Crude oil prices trading slightly lower today giving up 0.39% at $56.58 after President Trump failed to inspire investors after mixed comments; President said that China-US trade deal might happen soon and the phase one agreement is close, but he also said that if a deal isn’t reached the US will raise tariffs.
The previous week the EIA reported that supplies of natural gas rose by 34 billion cubic feet for the week ended November 1, against 89 billion cubic feet gains last week. That came below the build of 45 billion cubic feet expected.

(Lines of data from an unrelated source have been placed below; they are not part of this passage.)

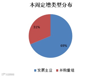 1. 本周新增定增董事会预案16家,较上周的26家下降了50%。其中11家公司募资发展主业或者发展产业链上下游,5家涉及并购重组。发展主业与并购重组的分布与上周基本相同,上市公司对未来经济基本面预期向好,间接显示宏观经维持稳定态势。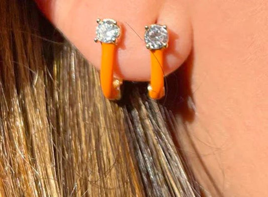 BLACK FRIDAYBrinco Argola Laranja com Ponto de Luz Dourado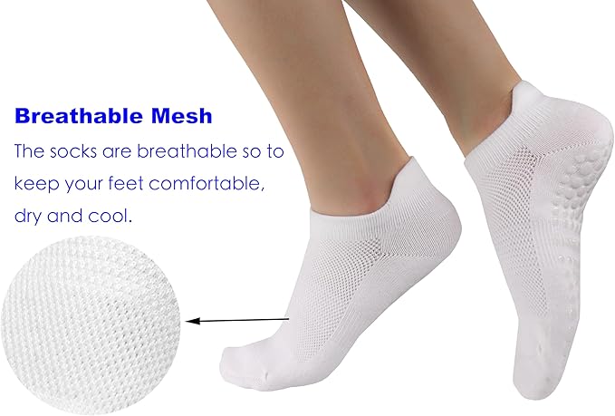 - Material: Women Non Slip Grippy Yoga Socks are made of soft cotton and polyester, comfortable and elastic. silicone gel grips on the bottoml. Soft and breathable, moisture-wicking performance keeps your feet dry. You can enjoy perfect stability and bring a good sports experience, and it will not be deformed or broken after exercise or washing.

EIA reported last week an increase in inventories by 1.6Mbpd after the previous week’s increase of 8 Mbpd. IEA forecasts that global oil demand growth is expected to grow by 1Mbpd on average to 2025 but is forecast to slow to an average of 100,000 bpd a year from then on as more electric cars hit the road
Support to crude coming from reports indicating that OPEC+ producers might consider production cuts in their next meeting in December.

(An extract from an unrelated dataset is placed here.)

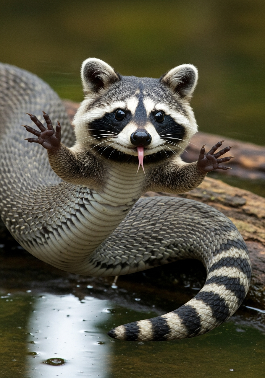 A snake with the body length and girth of a raccoon. It retains the raccoon's distinctive black mask across its eyes and the striped tail. It possesses two small but functional front limbs with five-fingered hands, similar to a raccoon's, which it uses for grasping and manipulating objects. The body is covered in smooth, dark grey scales. It has heat-sensing pits along its jawline and a forked tongue. It hisses and chatters like a raccoon, and can even make a growling noise.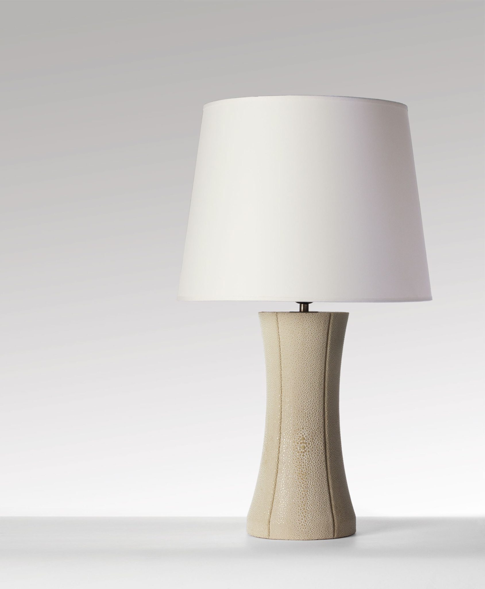 A master leatherworker dresses the Seti lamp with shagreen skins.

Crude oil rejected yesterday for one more time at the 200-day moving average rejected for the seventh consecutive session so bears now look more aggressive.
On the downside, immediate support stands at daily low at $56.50, followed by the 100-day moving average at $56.01, below that level, the next support comes in at 55.66 the 50-day moving average. Crude oil has established strong support at 50.50 which managed to cancel the bears several times since the beginning of 2019.
On the flip side, crude oil first resistance level stands at the daily high at $56.80, while more offers could emerge at $57.32 strong resistance, the 200-day moving average. Long positions could sit comfortably as long as the crude price trades above the 100-day moving average.